Critics compare Divincenzo to pre-Civil War slave catcher at jail protest




Protesters gather outside the Essex County Jail to condemn local government officials who are collaborating with the Trump administration.

About three dozen protesters assembled outside the Essex County jail on Doremus Avenue in Newark on a windy Saturday, to demand that officials end their collaboration with the Trump administration, which is paying millions of dollars annually to incarcerate immigration detainees.

Essex County Executive Joseph Divincenzo has defended the contract with U.S. Immigration and Customs Enforcement (ICE) but critics have said his arguments would have befitted any pre-Civil War slave catcher. ICE pays Essex County more than $100 per day, per detainee held in the jail.

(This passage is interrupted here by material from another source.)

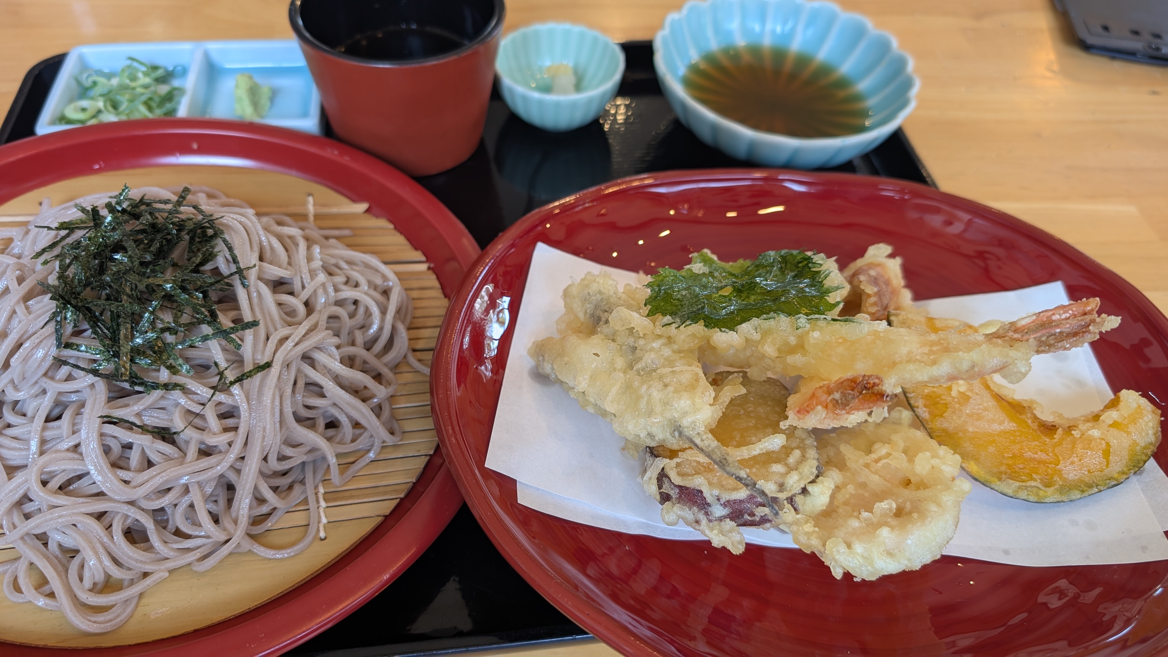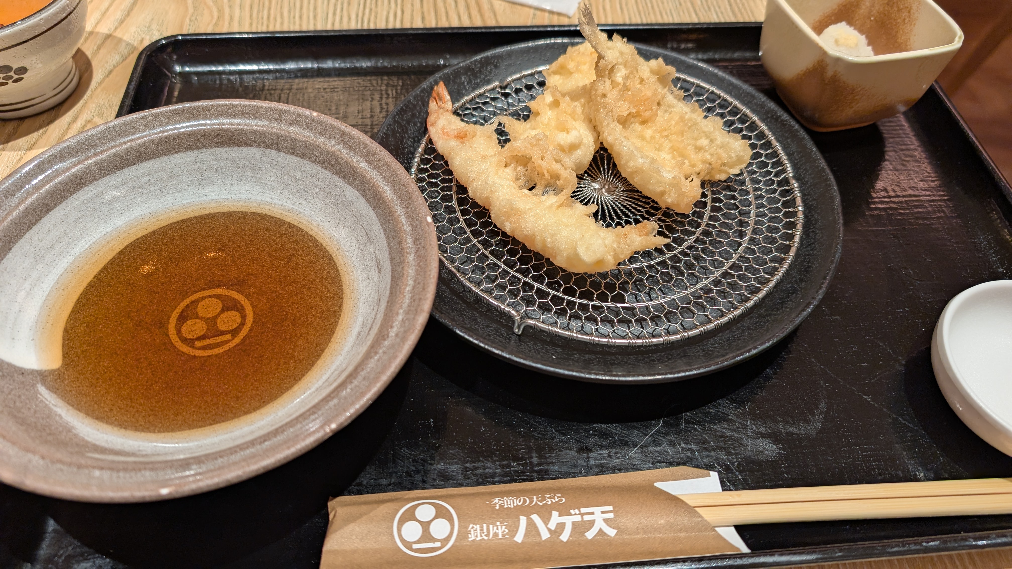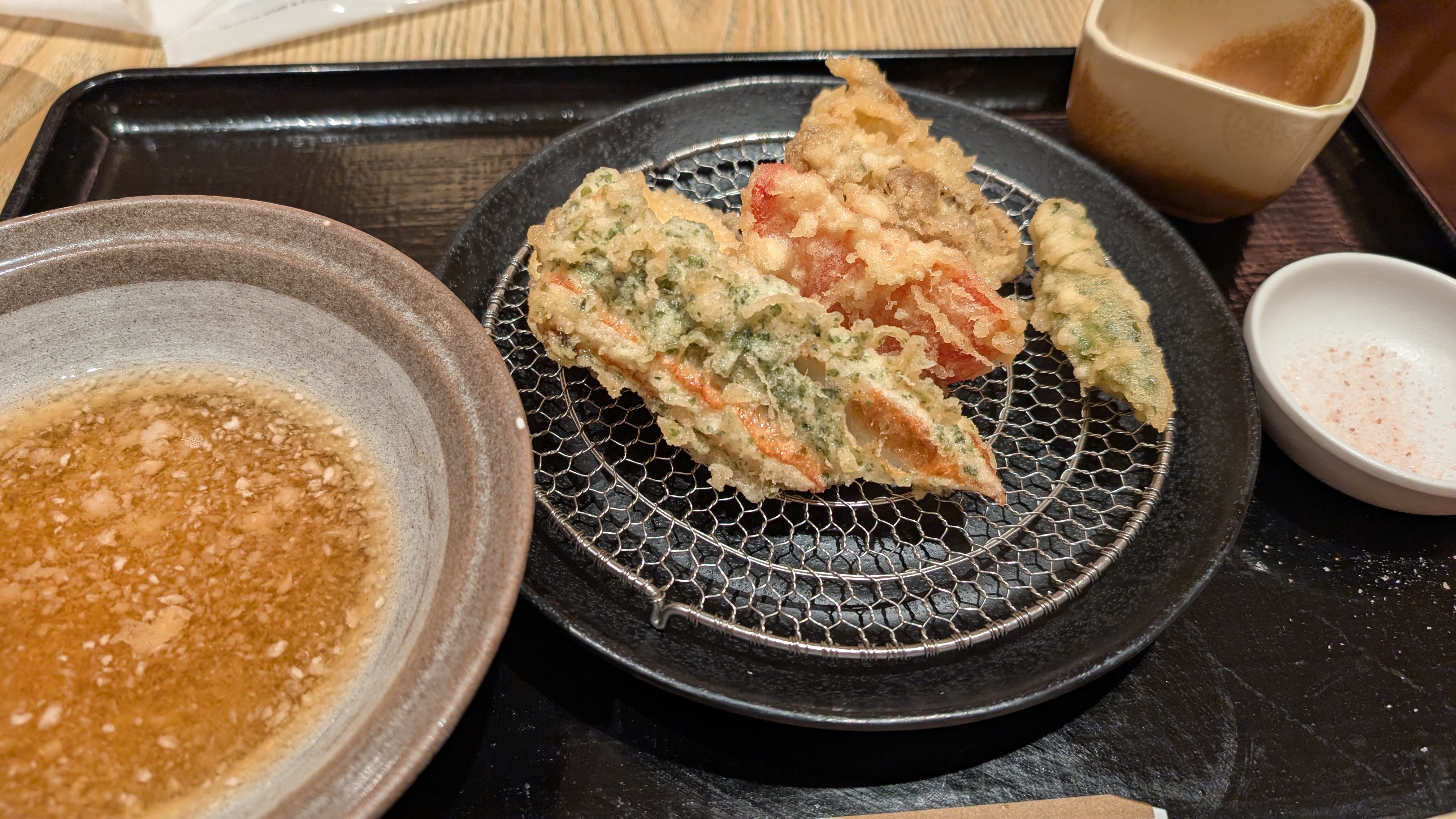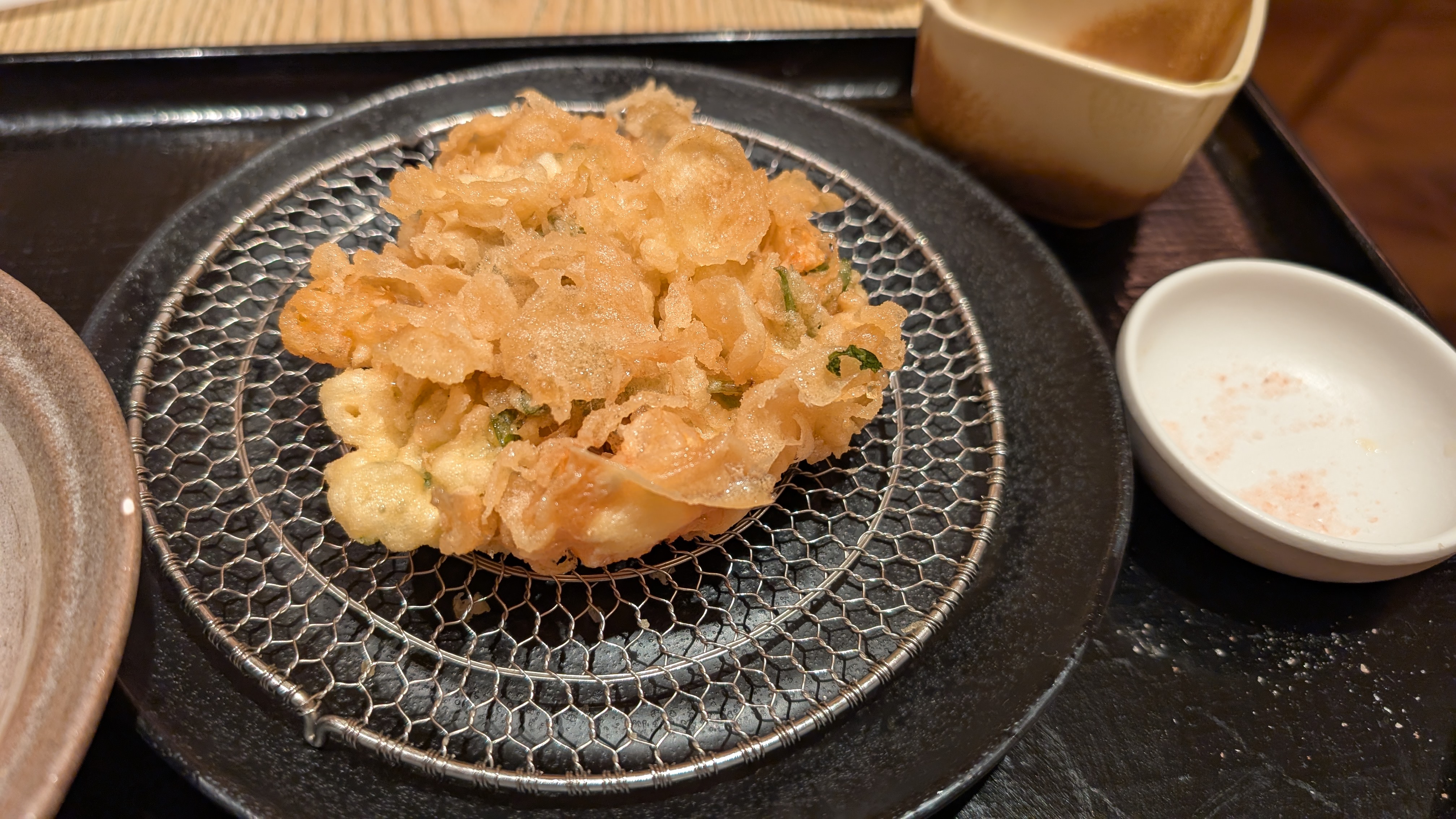 天ぷら盛り合わせの小。小とはいえ8品あるのですが、揚がった分から持ってきてくれるのでまず3品。ごま油の香りがすごい。

To underscore that point, a CUNY professor who lives in Newark, John ‘Jay’ Arena, is waging a protest campaign against Divincenzo in Tuesday’s general election, running under the banner “Jobs and Equal Rights for All.”

“We want to drive out Trump, but we have to dump all the Democrats too, in deep blue New Jersey, and deep blue Essex County, deep blue Newark, they are collaborating with ICE,” said Arena, author of the book, Driven From New Orleans, which is about the politics of public housing privatization after Katrina.

The protesters chanted slogans, accompanied by the Solidarity Singers, marched to demand that Essex County end its collaboration with ICE because jailing people for minor immigration violations or those waiting decisions on an asylum request amounts to an inhumane injustice.

“I’m not going to tell you that we can shut down this contract this year,” said Ellen Whitt, one of the protest organizers. “These contracts involve a lot of money. More today than ever….It’s a lot of money at stake and they won’t give up this income stream lightly, but by exposing their collaboration with ICE and profits off of an immoral system, we can change the political equation.”

“There’s actually a perverse, austere beauty to the county jail, which doubles as one of the three most active immigrant detention centers in the nation,” said her husband, Whit Strub, who posted a photo of the scene on his Facebook page.

Saturday’s protest was one in a series of demonstrations in response to the Trump administration’s harsh immigration enforcement, which has increased the number of people detained or deported, and ripped apart families and left immigrant children in cages.

Across the country, local officials are facing heat for cooperating with Trump, with some jurisdictions terminating contracts with ICE after public outcry. Earlier this year, officials in some California, Virginia, and Oregon localities canceled contracts with ICE to hold immigration detainees.

In New Jersey, immigrants are held at county jails in Essex, Bergen and Hudson counties as well as a corporation-owned prison facility in Elizabeth.

Essex County is one of 10 counties across the US that accounted for more than a quarter of immigration arrests over an eight-month period, according to data compiled by a nonpartisan research center at Syracuse University.

Arena questioned the justification for Essex County’s Newark to claim the designation as a sanctuary city when immigrants here are rounded up and held in prisons for profit, the way slave catchers did prior to the Civil War.

Earlier this year, John ‘Jay’ Arena confronted Essex County Executive Joseph Divincenzo over his collaboration with the Trump administration’s persecution of immigrants. Arena was among those leading a protest outside the Essex County jail on Saturday.